= Beginning of Section =

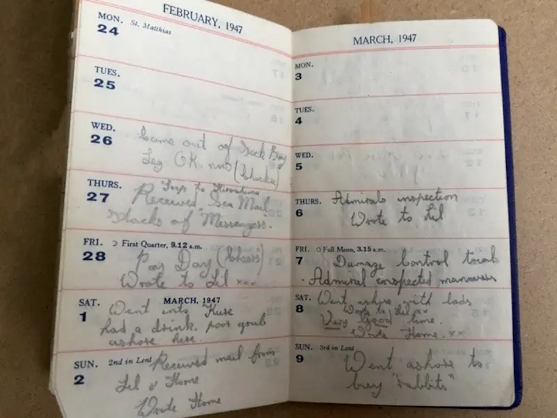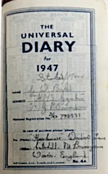 My dad, known to family and friends as Bill, joined the navy on 14 February 1946. He joined the Gambia as a stoker. His diary tells us that on 30th December 1946 they were in Singapore and he was cleaning the funnel, the next 3 days he was boiler cleaning in 'A' boiler room. When they finished the boiler room cleaning he went to watch a football match then for a few drinks at the canteen with Vin and Charlie where they had 'Big Eats'.
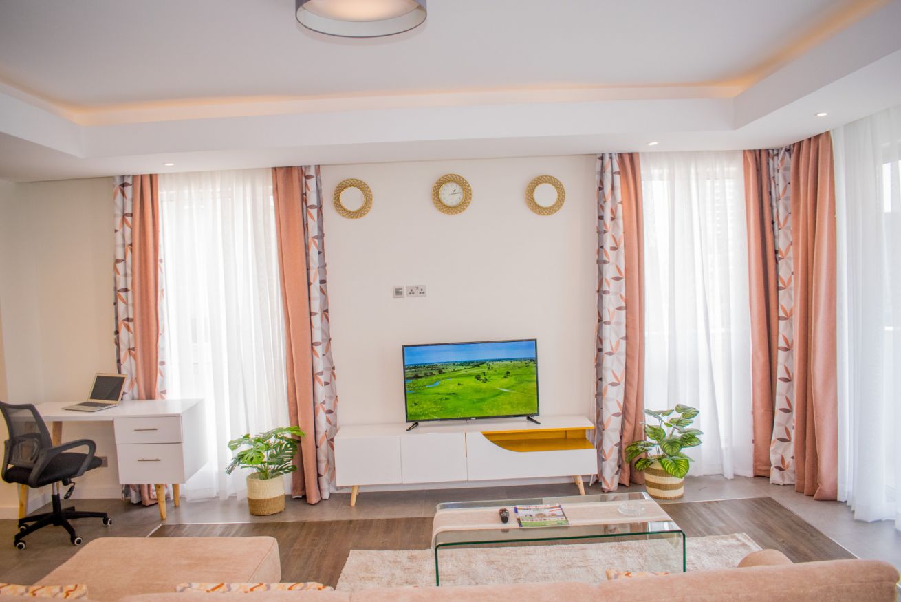 Relax in the highly sought-after upper side of Westlands in Nairobi. This BednBeyond apartment is conveniently located within walking distance of numerous social amenities such as 5-star hotels, shopping malls, recreational centres, and more. The house boasts an urban-inspired layout that is stunning both inside and out, with elegant modern designs and exceptional amenities. The balcony and custom-made curtain windows allow plenty of natural light and offer breathtaking, expansive views of the city skyline.
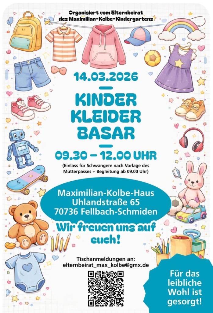 Am Samstag, 14.03.2026 findet in Fellbach-Schmiden ein Kinderkleiderbasar statt.
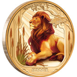 A truly magnificent coin, and an official legal tender issue, this stunning tribute to summer is struck to the apex of Proof quality from 1oz of pure, glittering 99.99% gold. Spanning a crown-sized 38.60mm in diameter, the imposing flan forms the perfect venue for the majestic portrayal of the King of the Jungle – the lion. Expertly rendered in glorious full-colour, the depiction of the noble lion relaxing beneath trees to escape the heat is emblematic of Summer.
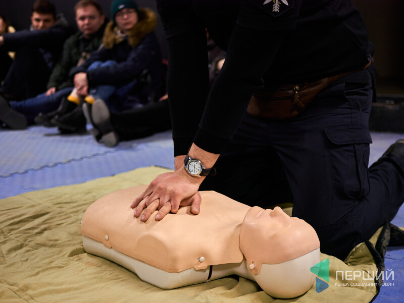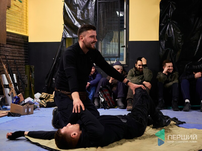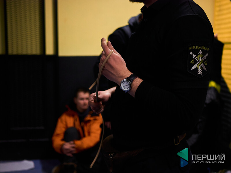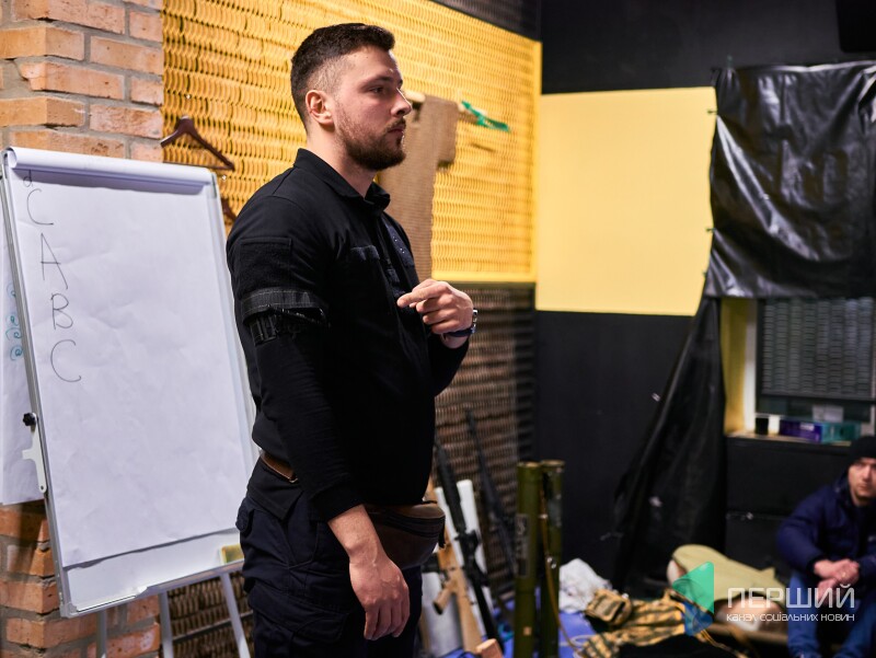 Друга частина навчань – основи тактичної медицини. Інструктор та лікар Тарас Мороз пояснює не лише, як зупиняти кровотечі і проводити серцево-легеневу реанімацію, а й наскільки це реально на полі бою. Як допомогти і при цьому не загинути самому.

= End of Section =

- **What needs to be done**:
Could you copy the lines above exactly and skip the images?

- **Written response**:
 My dad, known to family and friends as Bill, joined the navy on 14 February 1946. He joined the Gambia as a stoker. His diary tells us that on 30th December 1946 they were in Singapore and he was cleaning the funnel, the next 3 days he was boiler cleaning in 'A' boiler room. When they finished the boiler room cleaning he went to watch a football match then for a few drinks at the canteen with Vin and Charlie where they had 'Big Eats'.
 Relax in the highly sought-after upper side of Westlands in Nairobi. This BednBeyond apartment is conveniently located within walking distance of numerous social amenities such as 5-star hotels, shopping malls, recreational centres, and more. The house boasts an urban-inspired layout that is stunning both inside and out, with elegant modern designs and exceptional amenities. The balcony and custom-made curtain windows allow plenty of natural light and offer breathtaking, expansive views of the city skyline.
 Am Samstag, 14.03.2026 findet in Fellbach-Schmiden ein Kinderkleiderbasar statt.
 A truly magnificent coin, and an official legal tender issue, this stunning tribute to summer is struck to the apex of Proof quality from 1oz of pure, glittering 99.99% gold. Spanning a crown-sized 38.60mm in diameter, the imposing flan forms the perfect venue for the majestic portrayal of the King of the Jungle – the lion. Expertly rendered in glorious full-colour, the depiction of the noble lion relaxing beneath trees to escape the heat is emblematic of Summer.
 Друга частина навчань – основи тактичної медицини. Інструктор та лікар Тарас Мороз пояснює не лише, як зупиняти кровотечі і проводити серцево-легеневу реанімацію, а й наскільки це реально на полі бою. Як допомогти і при цьому не загинути самому.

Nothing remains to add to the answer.